Do you use the harness? Or do you use the martingale collar? When you walk your poodle? Or, everything else?

I was using the harness to walk my puppy, but after hiring my trainer, she told me to use the martingale collar, because harness can not train him to walk properly, what do you think? 

Is your poodle walk right by you all the time? Thank you.


----------



## Carley's Mom

I have a martingale on Stella and just a plain collar on Carley. They are both really good on leash, one on each side. I don't allow smelling ect. I got my poodles to walk.... I have lost 30lbs since I got them and I am no longer dizzy. I was told I needed to start walking to get over being dizzy and I knew I had to have a dog to make that happen. lol I have a condition called Disembarkment Syndrome. It gets triggered whenever I fly or go on a boat ect. It has lasted for up to a year before...


----------



## Sweetteddy

Carley's Mom said:


> I have a martingale on Stella and just a plain collar on Carley. They are both really good on leash, one on each side. I don't allow smelling ect. I got my poodles to walk.... I have lost 30lbs since I got them and I am no longer dizzy. I was told I needed to start walking to get over being dizzy and I knew I had to have a dog to make that happen. lol I have a condition called Disembarkment Syndrome. It gets triggered whenever I fly or go on a boat ect. It has lasted for up to a year before...

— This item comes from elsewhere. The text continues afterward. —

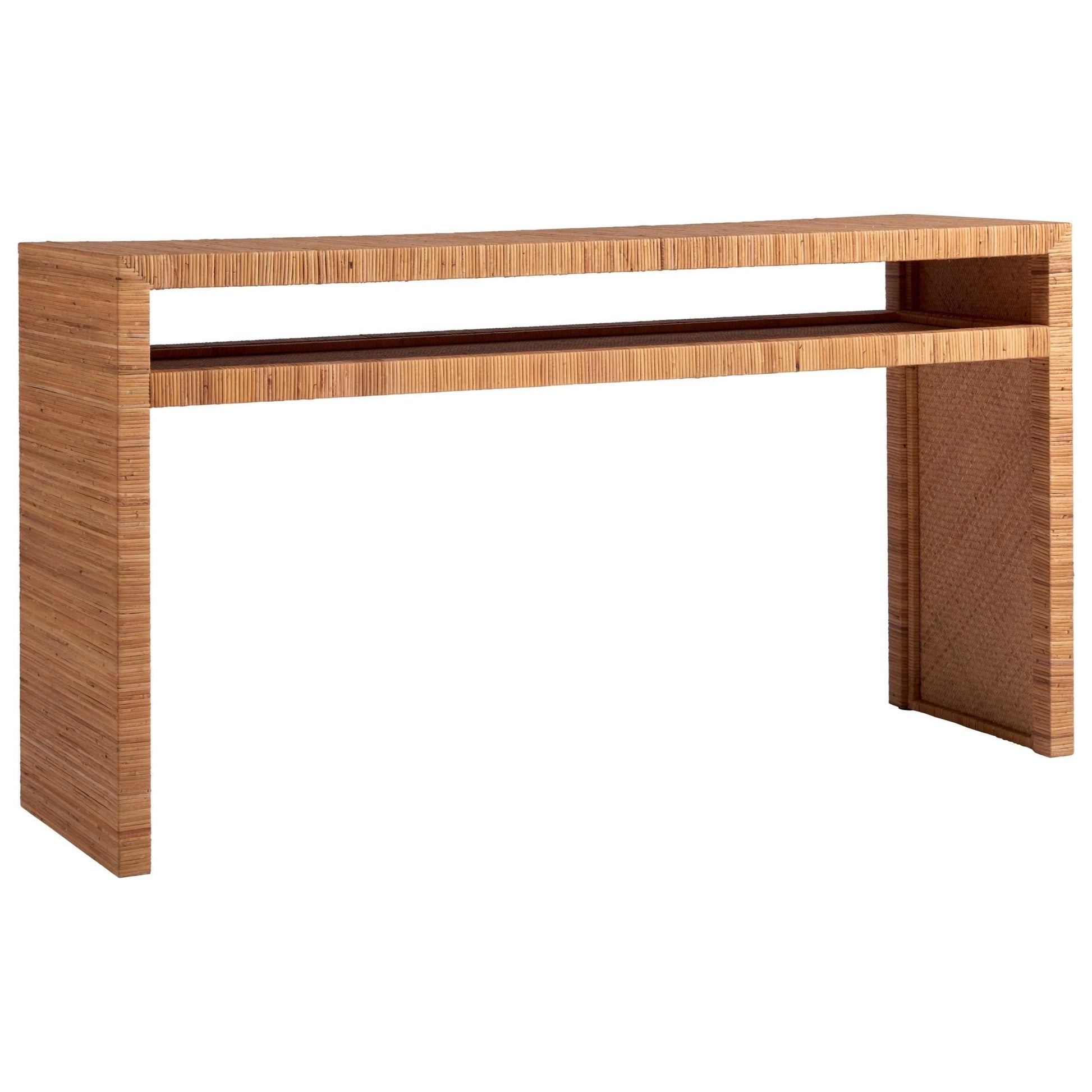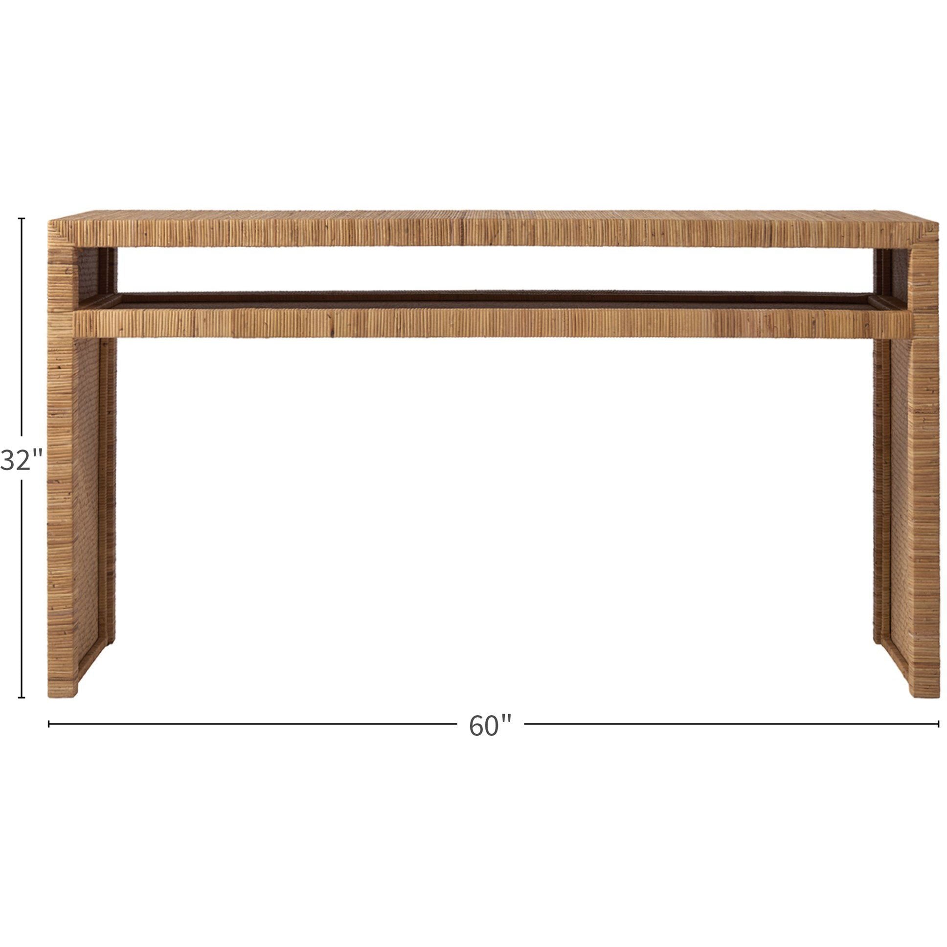 Instantly add warmth and familiarity to spaces with the Long Key Console Table, a slender, simple accent piece boasting an earthy, wrapped rattan frame.Dimensions: 60W X 18D X 32H
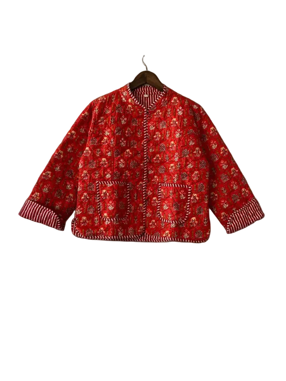 Each jacket is handmade by our artisan team in India, quilted with care and attention to detail, so no two jackets are exactly alike. Crafted with covered buttons and piped pockets on the patterned side, and a simple, complimentary striped pattern on the reverse side (no pockets).

 That's cool and I am glad that you no more dizzy  I want to loose some weights too and hopefully, being with my two poodles with lots works, I will be able to do that


----------



## LEUllman

I bought a Kindness collar from Carol at Dogs In Style. It's the only one we ever use.

Dogs In Style


----------



## PoodlePaws

We use a vest harness with leash. 


Sent from Petguide.com Free App


----------



## Rachel76

I have used both and never had a problem with either. Here you are allowed to take your dog most places and in crowded city centers they really have to walk nicely on a leash. I didn't have a problem, sometimes collar and sometimes harness.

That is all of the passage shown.